Prezydent Andrzej Duda skomentował zachowanie szefowej rządu ws. wyboru przewodniczącego RE. Jego zdaniem Beata Szydło zachowała się w jedyny sposób, w jaki mogła.
- Pani premier zachowała się w jedyny sposób w jaki mogła. Gdyby Angela Merkel znalazła się w sytuacji, że przewodniczący Rady Europejskiej jest z partii, która jest opozycyjna wobec niej, jak np. Alternative fur Deutschland, i krytykuje ją i jej rząd na forum krajowym i europejskim, to nie sądzę, by uzyskał jej poparcie.
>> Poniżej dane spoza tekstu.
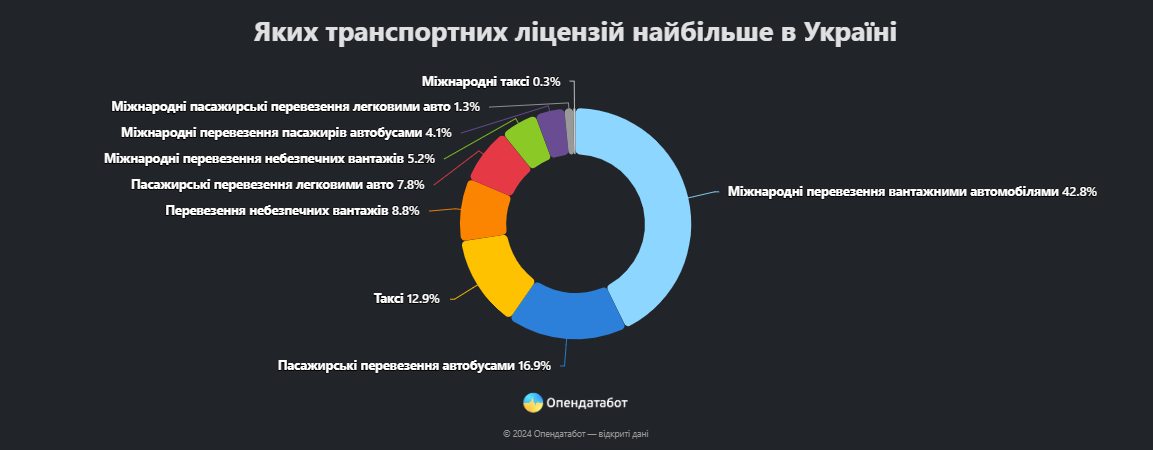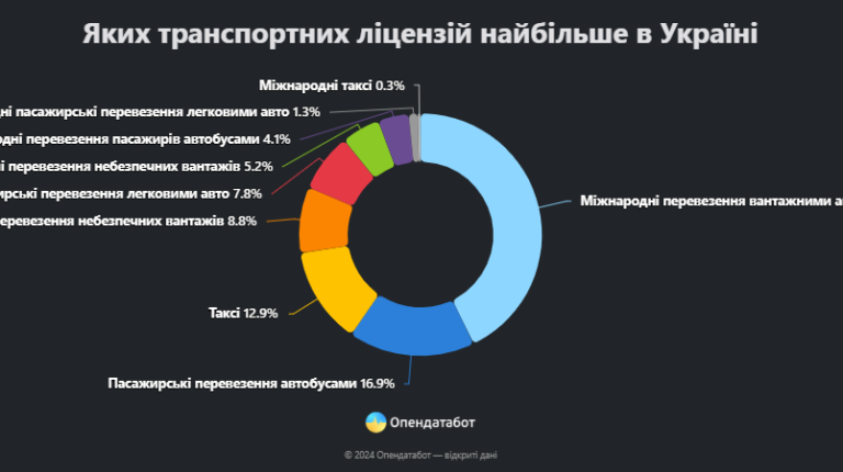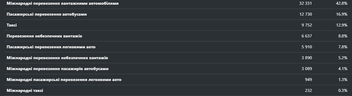 Про це повідомив Опендатабот, посилаючись на дані Укртрансбезпеки. Зазначається, що найбільше ліцензій було видано у 2022 році. Дійсними із загальної кількості є 57 тисяч ліцензій, що становить 72,8%. Якщо розглядати кількість реєстрацій із позиції категорій, то найбільше було зареєстровано у «Міжнародні перевезення вантажів вантажними авто» – 32 000 ліцензій, що становить 42,8%. Друге та третє місце у цьому рейтингу посідають «Внутрішні перевезення пасажирів автобусами» та «Таксі», на які припало 12 000 (16,9%) та 9 000 (12,9%) відповідно.

Pani premier znalazła się w takiej sytuacji i nie miała innego wyjścia - powiedział prezydent w rozmowie opublikowanej na portalu wPolityce.pl
Prezydent był też pytany o wypowiedź prezydenta Francji Francoise Hollande'a, który - według relacji dyplomatów - miał w czwartek na szczycie UE powiedzieć Szydło: "Wy macie zasady, my mamy fundusze strukturalne". Andrzej Duda odparł, że "prezydent Hollande może mówić różne rzeczy, bo za dwa miesiące są wybory prezydenckie we Francji, a on nie kandyduje". http://newsroom.salon24.pl/
Jest mała nadzieja, że prezydent Duda wyjaśnił wszystkim sabotażystom, neofitom, komunistom* i popieprzonym przez nieróbstwo i pasożytniczy tryb życia, że rząd nie atakował. Nie przegrał też żadnej walki, bo takowej nie było.
Skąd durniom i pasożytom przylazła do łba myśl o przegranej, chyba nikt nie odgadnie. Dlaczego opozycja rozpuszcza takie plotki, jestem w stanie zrozumieć. Do koryta świnie zawsze pędzą i potrafią po drodze wszystko stratować. Nawet własn honor.